The construction of the graph is determined by the relationships between cards. The relationships between cards are visually expressed by features such as weight, clusters, bridges, overlay, and orphans. Confidence is a qualitative guide to help compare strengths in relationships and may change depending on the data. In general, card relationships that have 75% agreement or greater (i.e., 75% or more participants created the relationship) could be considered high confidence. Additionally, any relationships that have 50% agreement or greater (i.e., half or more of the participants created the relationship) could be considered with good or moderate confidence. Figure 2 provides examples of the following common graph features:

Clusters: Cards display close together when they share many or strong relationships with other cards. Clusters of cards may indicate potential topic areas. Figure 2-A shows a cluster of eight cards that make up a potential topic.
Bridges: Cards that act as connectors between clusters when they share relationships between clusters. Bridges may indicate related topics, transitional topic concepts, or ambiguous cards. Figure 2-B shows how the red bridge node connects two potentially related clusters.
Weight: Relationship weight reflects the strength or confidence of the graph. Higher relationship weight represents more agreement between participants. All of the examples in Figure 2 are part of a high confidence graph using ≥53% agreement as a display filter.
Overlay: Overlay of relationship weight or other features supports comparison. This comparison can help explore subtopics or alternate mental models. Figure 2-C shows an overlay of the 75% agreement network weight that reveals potential subtopics.
Orphans/Singletons: Single cards or thin card clusters that have few or weak relationships with other cards. Orphans may indicate less important cards or ambiguous cards. Figure 2-D shows orphans/singleton cards.
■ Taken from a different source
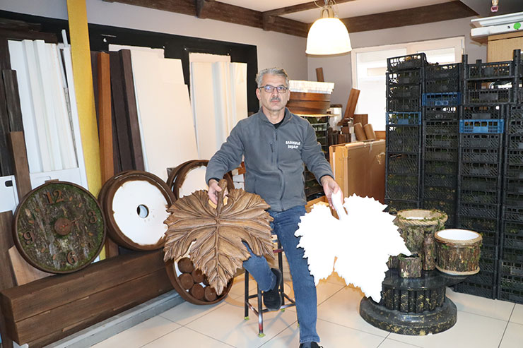 Strafordan hazırlanan kütüklerin gerçeğinden çok daha hafif olduğu için daha kullanışlı olduğuna dikkat çeken Sarı, "Bu malzeme her türlü kullanılabilir. Hatta bir binanın dış cephesini epoksi kaplayıp bunu kullanabiliriz. Eskitmenin sonu yok. Doğa öyle bir hayal gücü vermiş bize ki her şey var. Bunu hayatımızı yansıtsak hem mutlu oluruz hem sağlıklı oluruz. Çok güzel şeyler. Tavanda kullanırız düşünün 200 kiloluk kütük yerine 3 kiloluk strafor" ifadelerini kullandı.

Figure 2. Example graph visualization features for card-sorting analysis. Card labels are coded with a number for easy reference.

Case Study

The following sections discuss the sample data used in this study, the visualization process, the analysis of the data, the results, and a comparison to a histogram matrix.

Sample Data

The sample dataset used in this case study is from the Information Architecture Summit Card-Sorting Study (Spencer, 2007), a freely available card-sorting study with data from 19 participants¹. The study used 99 cards that were based on past Information Architecture Summit presentation titles. Researchers conducted the study where the participants (Information Architecture practitioners) used a web-based card-sorting software to perform an open card sort.

The sample card-sorting data was recorded using a popular spreadsheet analysis method (Lamantia, 2003). Card labels were coded with a number for easy reference. Group names that were slightly different but conceptually similar across participants were normalized into a common label. Table 1 provides an example of the participant data.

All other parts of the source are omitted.